■ Task to complete ■
The required output is the stretch from the line containing "Atendimentos de saúde" through the line containing "在招待会期间,部份参加庆祝活" in the records below, unaltered and with no pictures.

■ Provided data ■
---+---
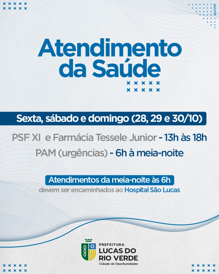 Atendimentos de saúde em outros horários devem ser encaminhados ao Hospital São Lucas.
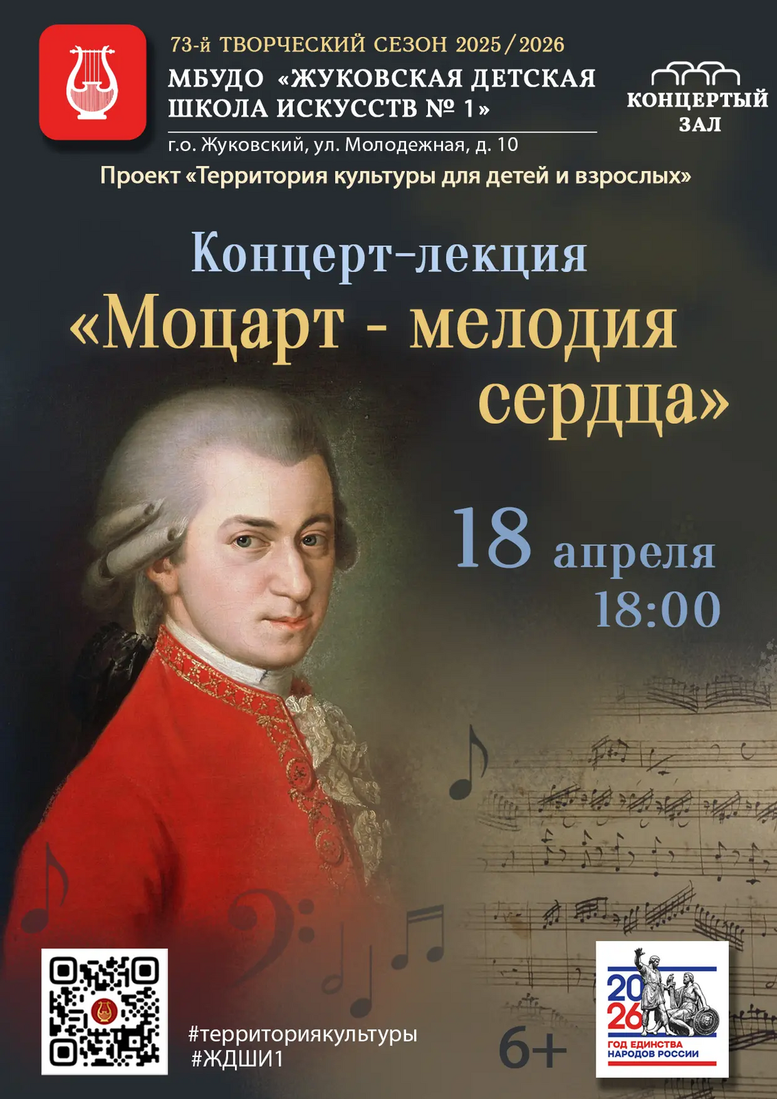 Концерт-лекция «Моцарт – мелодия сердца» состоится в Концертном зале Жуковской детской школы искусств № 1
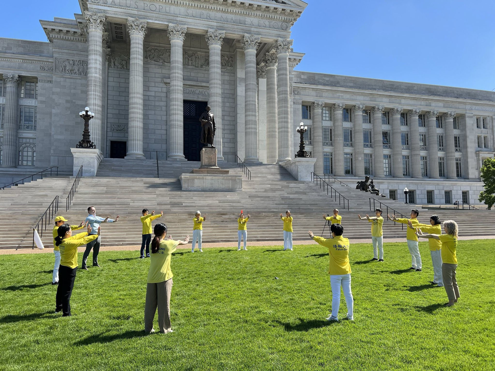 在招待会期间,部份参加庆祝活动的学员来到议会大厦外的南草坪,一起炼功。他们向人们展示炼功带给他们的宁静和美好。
---+---
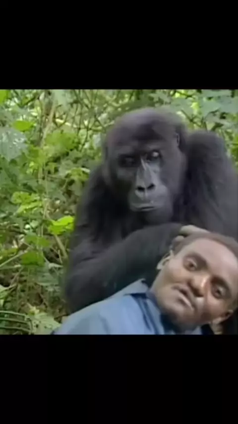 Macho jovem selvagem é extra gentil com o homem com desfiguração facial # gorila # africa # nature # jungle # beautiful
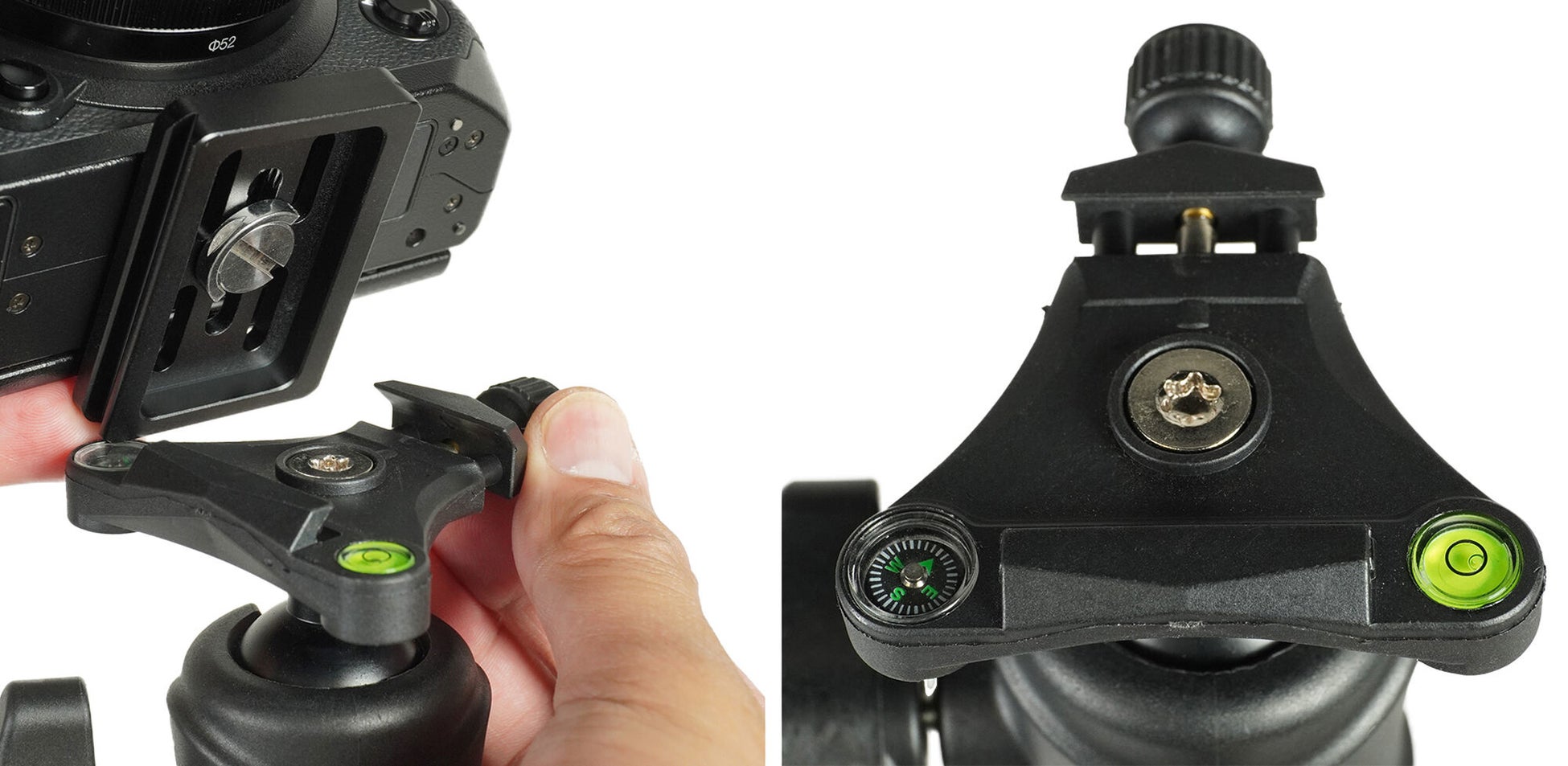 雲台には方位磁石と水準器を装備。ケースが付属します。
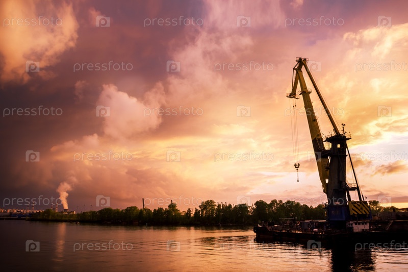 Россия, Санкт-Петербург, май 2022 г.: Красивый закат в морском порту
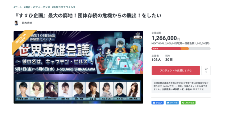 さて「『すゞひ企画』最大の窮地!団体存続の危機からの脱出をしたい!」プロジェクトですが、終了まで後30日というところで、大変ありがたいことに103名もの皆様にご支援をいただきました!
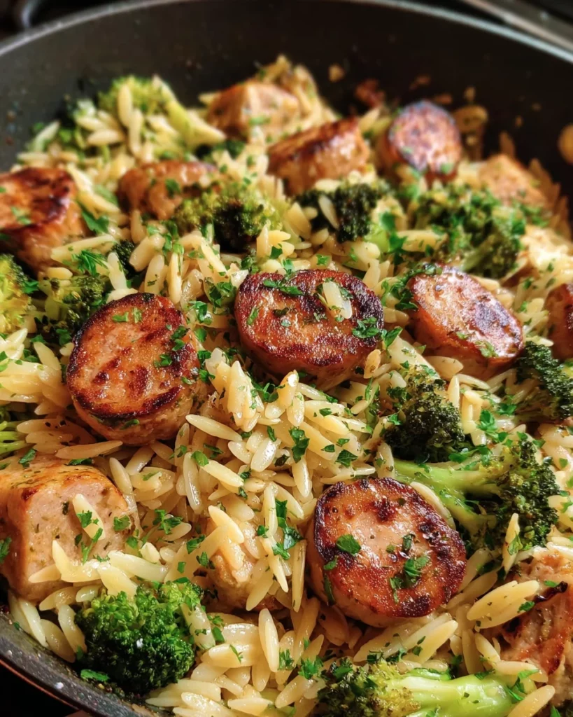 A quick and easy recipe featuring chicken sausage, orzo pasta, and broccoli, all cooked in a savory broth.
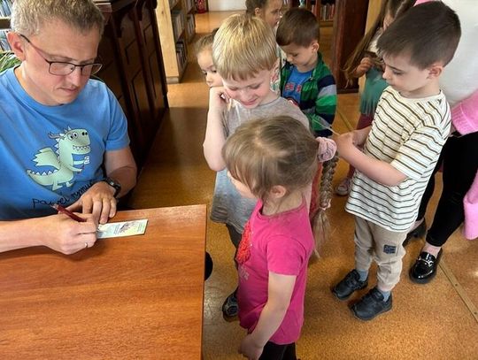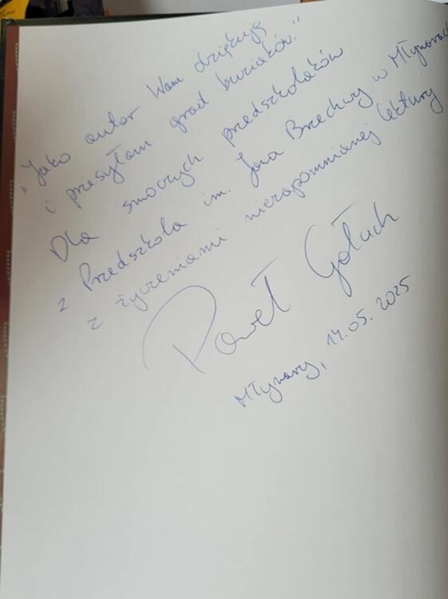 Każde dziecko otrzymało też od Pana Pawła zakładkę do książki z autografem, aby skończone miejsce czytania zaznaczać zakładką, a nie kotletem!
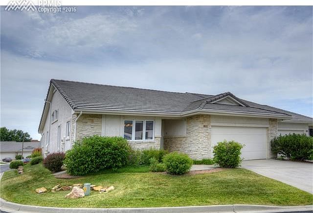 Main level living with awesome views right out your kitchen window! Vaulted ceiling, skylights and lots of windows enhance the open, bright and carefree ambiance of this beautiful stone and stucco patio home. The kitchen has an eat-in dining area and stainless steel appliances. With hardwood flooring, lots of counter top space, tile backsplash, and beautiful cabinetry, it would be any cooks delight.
---+---
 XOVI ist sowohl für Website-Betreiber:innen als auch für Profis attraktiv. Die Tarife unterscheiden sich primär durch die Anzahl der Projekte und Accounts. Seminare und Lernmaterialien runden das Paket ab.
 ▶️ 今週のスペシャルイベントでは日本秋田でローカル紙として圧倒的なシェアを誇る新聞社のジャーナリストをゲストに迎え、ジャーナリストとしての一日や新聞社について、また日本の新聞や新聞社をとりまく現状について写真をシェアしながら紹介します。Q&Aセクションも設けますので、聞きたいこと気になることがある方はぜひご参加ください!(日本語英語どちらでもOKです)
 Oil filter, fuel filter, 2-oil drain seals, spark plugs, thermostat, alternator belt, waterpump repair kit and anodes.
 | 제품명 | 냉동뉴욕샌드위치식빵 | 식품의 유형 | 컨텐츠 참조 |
---+---
■ Solution to this problem ■
 Atendimentos de saúde em outros horários devem ser encaminhados ao Hospital São Lucas.
 Концерт-лекция «Моцарт – мелодия сердца» состоится в Концертном зале Жуковской детской школы искусств № 1
 在招待会期间,部份参加庆祝活动的学员来到议会大厦外的南草坪,一起炼功。他们向人们展示炼功带给他们的宁静和美好。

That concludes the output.